Changes have been made to the BOXED WARNING, CONTRAINDICATIONS, WARNINGS and PRECAUTIONS sections of the safety label.

Detailed View: Safety Labeling Changes Approved By FDA Center for Drug Evaluation and Research (CDER) – July 2012

  • Avinza (morphine sulfate) Extended-Release Capsules
  • Butrans (buprenorphine) Transdermal System
  • Dolophine (methadone hydrochloride) Tablets
  • Duragesic (fentanyl) Transdermal System
  • Embeda (morphine sulfate and naltrexone hydrochloride) Extended-Release Capsules
  • Exalgo (hydromorphone HCl) Extended-Release Tablets
  • Kadian (morphine sulfate) Extended-Release Capsules
  • Methadone hydrochloride Oral Solution and Concentrate 
  • MS Contin (morphine sulfate) Controlled-Release Tablets
  • Nucynta ER (tapentadol) Extended-Release Oral Tablets
  • Opana ER (oxymorphone hydrochloride) Extended-Release Tablets
  • Oxycontin (oxycodone hydrochloride controlled-release) Tablets
     

FDA approved a risk evaluation and mitigation strategy (REMS) for extended-release (ER) and long-acting (LA) opioid medications. The REMS consists of a Medication Guide, elements to assure safe use, and a timetable for submission of assessments of the REMS. This REMS will use a single, shared system for the elements to assure safe use and the REMS assessments. This single shared system is known as the ER/LA Opioid REMS. 
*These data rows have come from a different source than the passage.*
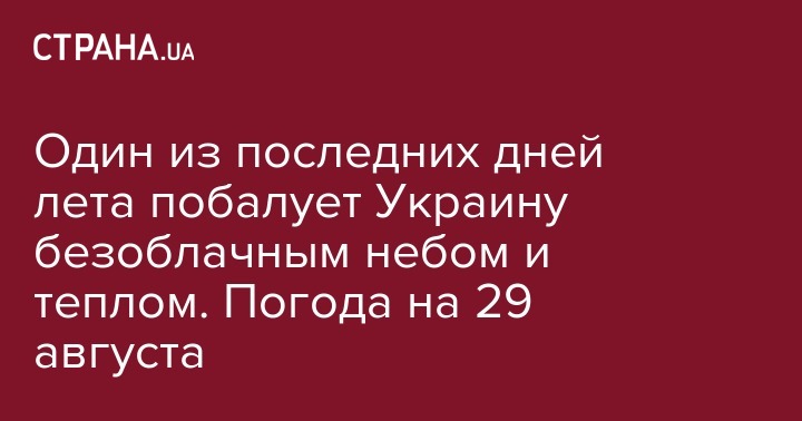 Один из последних дней лета побалует Украину безоблачным небом и теплом. Погода на 29 августа
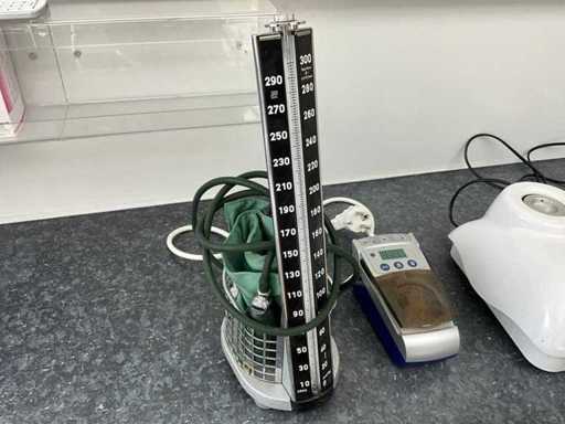 Un lot d’équipements médicaux et dentaires ; Sphygmomanomètre avec menotte ; mélangeur capsule amalgame ; mélangeur de capsules dentaires ; équipements de mélange de laboratoire ; utilisé en cabinet dentaire.
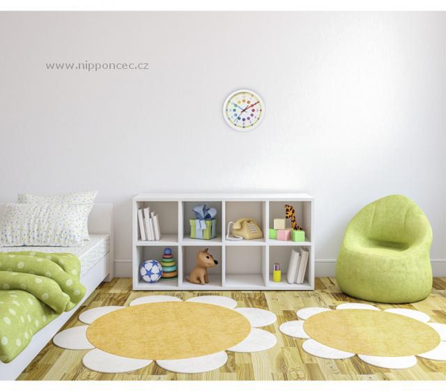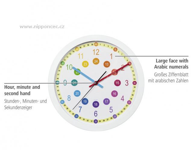 s dobře čitelnými a barevně rozlišenými arabskými číslicemi usnadní dětem výuku hodin a stanou se veselou dekorací jejích pokojíčků. Speciální způsob pohybu vteřinové ručičky zajišťuje tichý chod hodin bez hlasitého tikání a tak hodiny nebudou rušit vaše děti při spánku (hodiny mohou vydávat zvuk tichého bzučení).Dětské nástěnné hodiny Hama Easy Learning hravý design.
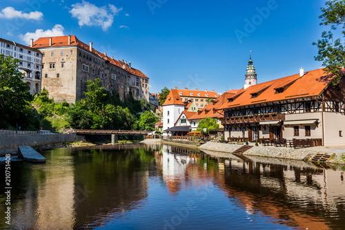 © Sergey Fedoskin, Naklejka premium Piękny widok na kościół i zamek w Cesky Krumlov w Czechach
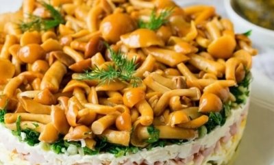 Ми розповідали, як приготувати чудову закуску з лососем. Тепер ділимось рецептом дуже смачного та ситного салату з маринованими грибами.

The updated labels include information on ER/LA prescription opioid analgesics abuse potential and risk of life-threatening respiratory depression, and consumer-friendly information on the safe use and disposal of ER/LA opioid analgesics.

 

[July 2012 - Risk Evaluation and Mitigation Strategy (REMS) for Extended-Release and Long-Acting Opioids - FDA]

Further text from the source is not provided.